The Premier League are resolute in their determination for clubs to restart full-contact training this week but face a battle to convince players in some quarters to throw in their lot with the decision.
Appreciably, the return to complete training as normal is a vital component essential to the expeditious speeding up of Project Restart, targeted for mid-June, and the top flight is waiting for government guidelines on how to go about it.
According to the Times, the Premier League want full-contact work to begin next week despite the reluctance of a number of players and are aiming to convince all the necessary parties in a crucial video presentation this Wednesday to players, managers and top club officials once the green light has been given, which would allow full training to begin the very next day.
The presentation needs to clearly outline how clubs can go about returning to full-contact work in the safest way possible as there are some who fear the dangers still posed by coronavirus to themselves and loved ones.
Last week a number of Watford players including the likes of Troy Deeney who declined to train at the club and N’Golo Kante also decided against returning for Chelsea.
There is particular concern arising in this particular area among BAME players as Covid-19 has disproportionately impacted people from those backgrounds. Office for National Statistics data states that black men and women are nearly twice as likely to die from Covid-19 as white people.

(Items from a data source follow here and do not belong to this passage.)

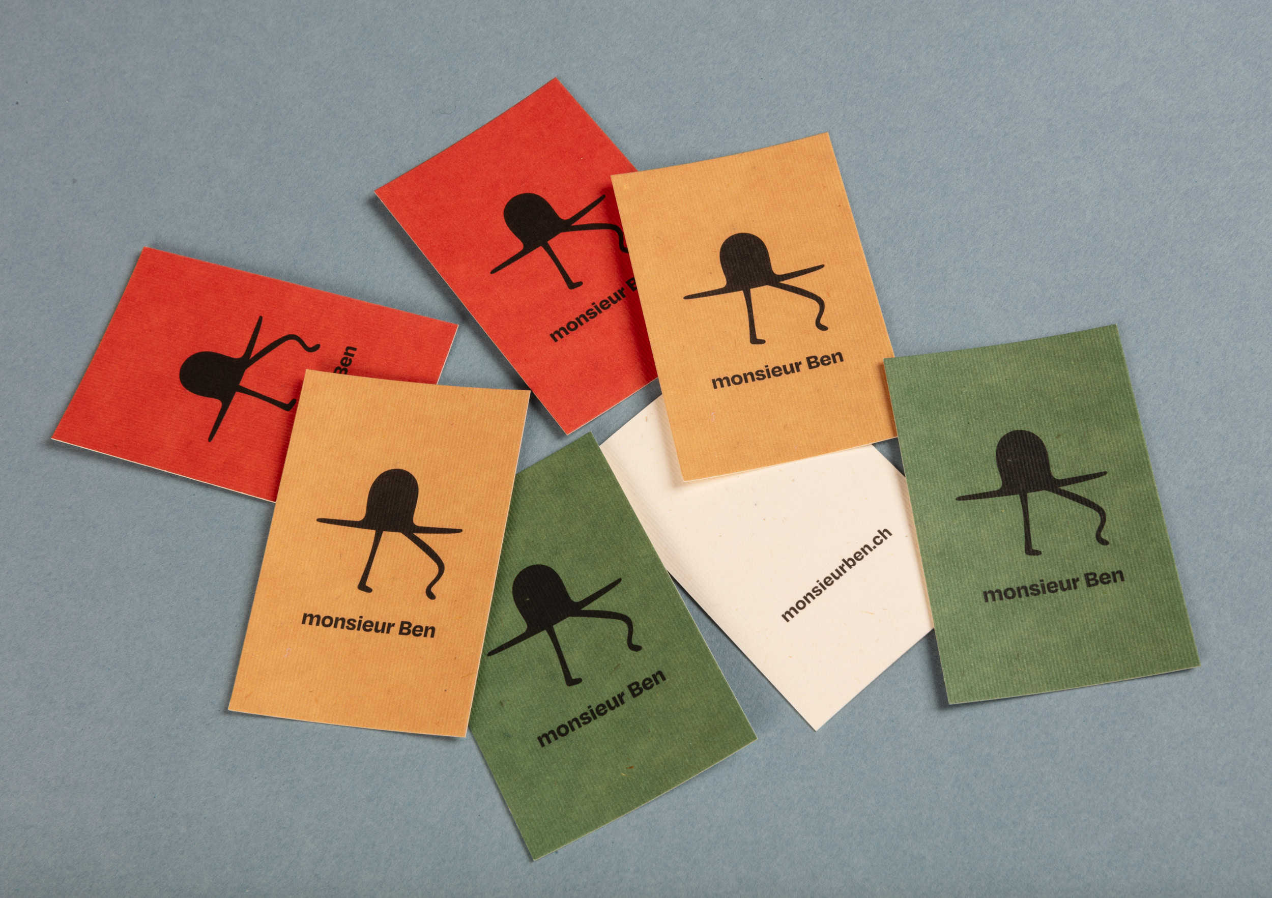 Pour le logo de Monsieur Ben, nous avons développé un caractère de champignon sympathique en tant qu’icône, qui dégage légèreté et convivialité. La palette de couleurs naturelles souligne la fraîcheur et la durabilité des produits, tandis que le caractère ludique rend le logo unique et accueillant.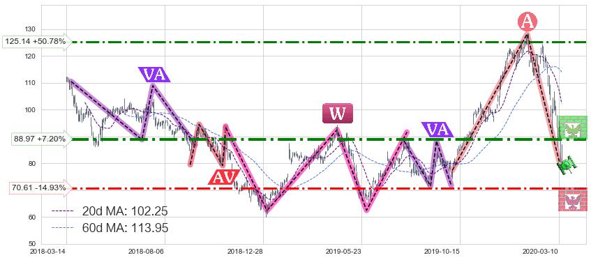 ♘ 阻力价格位88.97,可信任强度75.72%,距离最后交易2020-03-13形成的收盘价格83.00相差 +7.20%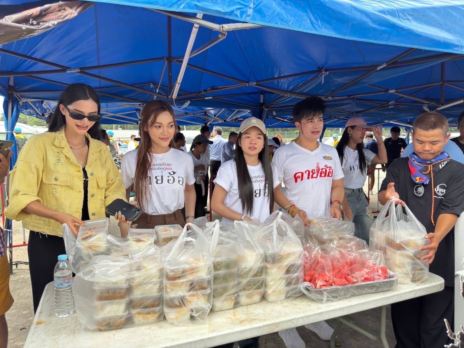 อย่าง อุ๋งอิ๋ง รัตนาภรณ์ และ อ๋อมแอ๋ม ละมัยลงพื้นที่จังหวัดบุรีรัมย์ ช่วยเหลือทางด้าน อาหาร เครื่องดื่ม ข้าวของเครื่องใช้ที่จำเป็น เพื่อให้กำลังใจและแสดงความห่วงใยพ่อแม่พี่น้องที่ได้รับผลกระทบจากสถานการณ์การปะทะบริเวณชายแดนไทย-กัมพูชา โดยไปที่ จังหวัดบุรีรัมย์ เป็นที่แรกเมื่อวานนี้ และวันนี้เดินทางไปให้กำลังใจกันต่อ ณ จังหวัดศรีสะเกษ

Leading anti-racism campaigner Troy Townsend told the Times:
“Maybe the Premier League needs to relax that definitive deadline of when they should be training and playing, so players can feel like they are part of the human race, and they need to take their time in how we come back. That’s why I think the middle of June suggestion (for restarting) is outrageous.
“I’ve always thought the highest level of the game should have better representation and probably that is now being highlighted because maybe those concerns would go up the agenda.
“Maybe certain circumstances and decisions would be made in a different light.”
Although in all fairness Premier League players are being regularly tested, the chances of spreading infection when battling for possession and coming into close contact are inevitably heightened.
As Deeney put it: “I can’t get a haircut until mid-July but I can go and get in a penalty box with 19 people and jump for a header, and nobody could answer the questions, not because they didn’t want to, just because they don’t know the information.”
Once the government finalises their guidelines, the information will be passed on through Premier League medical adviser Mark Gillett and director of football Richard Garlick.
Players will be asked to sign forms accepting the return to full-contact training.